I believe this; I teach it; I try to live it. Our views evolved from an historical approach to understanding the external context in which leadership occurs, and valid and current psychological research and human development on what health looks like in an individual, an organization, and a community. It is a canon of positivism and idealism that views the common good as a counter balance to self-absorption or dependency on monetary profit as the sole standard of success. So ethical and moral consideration is important. It is not an approach that demands perfection but knows that self-awareness is an essential quality of an integrated adaptive leader.
But there are leaders in powerful positions everywhere who have none of these qualities or attributes! How and why do they retain their influence? I have coined the term “maladaptive leader” as a way to begin the conversation about this. If there is one word that can explain this, it is fear. Fear is a major reason for this kind of leadership and there are five fears that promote and sustain maladaptive leadership:
Fear of loss is a survival issue. Most human beings seek a level of economic well-being that can provide them with the basic needs to live. When this is threatened fear increases. Without adequate coping mechanisms the fear can overtake reason and the capacity to see beyond current reality to a better time is diminished.
The belief that the future is in the hands of something or someone over whom they have little or no control feeds a sense of inadequacy to improve the current state of affairs and erodes a sense of efficacy. When there is no clear explanation for how to regain some modicum of control over life, fear grows and the need for immediate relief is heightened. Fear of the unknown becomes the enemy of hope and the future a projection screen for more adversity rather than an opportunity for change.
If the sense of scarcity increases, fear shrinks the ability to be inclusive, expansive, or empathic to those outside of the inner circle. Tribalism begins to seep into consciousness and anyone who is deemed as different can be scapegoated and excluded. Being different is threatening, and becomes the problem rather than how difference is responded to. Fear of difference isolates and breeds intolerance.
The capacity to learn what moves individuals and systems from survival to thriving mode is lessened even though that is exactly the behavior needed. In significant periods of change more, rather than less, information needs to be obtained; and more rather than fewer options for addressing problems need to be generated and considered. Fear of learning acts as a constrictor in the flow of information, in the exchange of ideas, in the capacity to problem-solve beyond the immediate context.

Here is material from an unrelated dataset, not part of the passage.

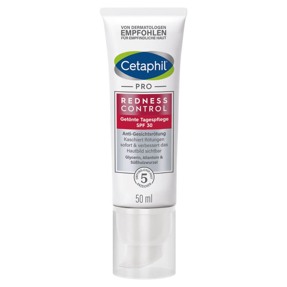 Die Cetaphil® RednessControl Getönte Tagespflege SPF 30 reduziert Rötungen, pflegt dabei die trockene Haut und hinterlässt ein gepflegtes Hautgefühl. Die getönte Formulierung kaschiert das Erscheinungsbild von Rötungen und gleicht den Hautton aus. Dank LSF 30 schützt sie die Haut vor UV bedingter Gesichtsrötung.
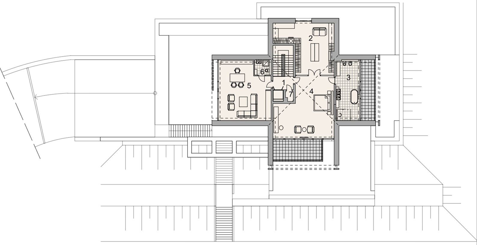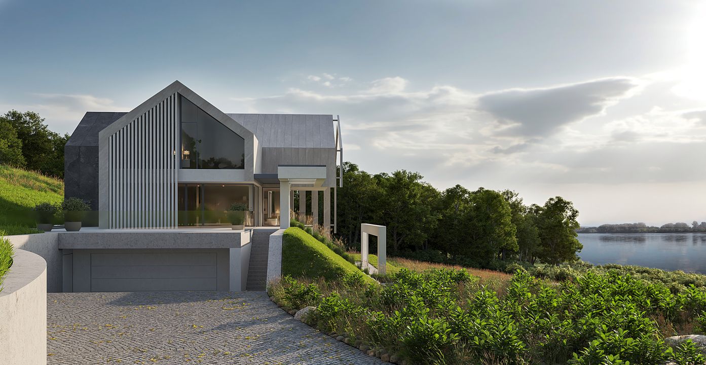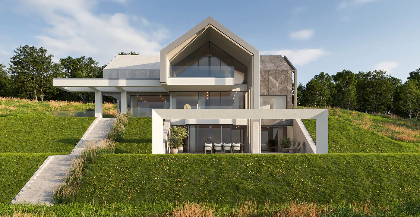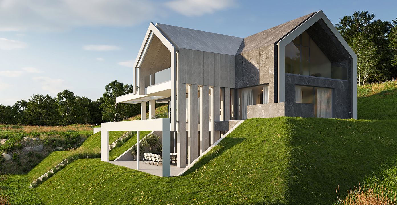 Ściany fundamentowe: żelbetowe o grub. 30 cm, płyty z polistyrenu ekstrudowanego xps firmy Termo Organika gr. 20cm. Ściany zewnętrzne: pustaki ceramiczne porotherm dryfix o grub. 30 cm firmy wienerberger, wełna mineralna isover super-vent (pokryta Welonem szklanym) λ=0,032 w/m*k 20 cm / ruszt systemowy. Ściany wewnętrzne: pustaki ceramiczne Porotherm Dryfix o grub. 25 cm, 18,8 cm i 11,5 cm firmy Wienerberger STROPY: żelbetowe, monolityczne. Konstrukcja dachu: więźba dachowa drewniano-stalowa. Pokrycie dachu: blacha układana na rąbek stojący. Elewacje kolor biały; płyty elewacyjne ze spieków kwarcowych Dekton; kolor jasnoszary: blacha układana na rąbek stojący, w kolorze grafiki płytki: Torano White Tubądzin kolor szary: blacha układana na rąbek stojący w kolorze grafiki płytki: Grand Cave Graphite Tubądzin. Okna i drzwi: aluminiowe firmy Cortizo. Sposób ogrzewania: podłogowe, pompa ciepła. Wentylacja: mechaniczna z rekuperacją.

Many of those we lead are gripped by fears, both real and imagined- their fears are palpable and ever present. Ignoring or appeasing that fear only increases the power of the maladaptive leader. Integrated adaptive leadership can reverse this. We need this kind of leadership, leadership that is an antidote to being led blindly by fear, the kind of leadership that we know to be good and effective, trustworthy and concerned for those most affected by the leader’s authority.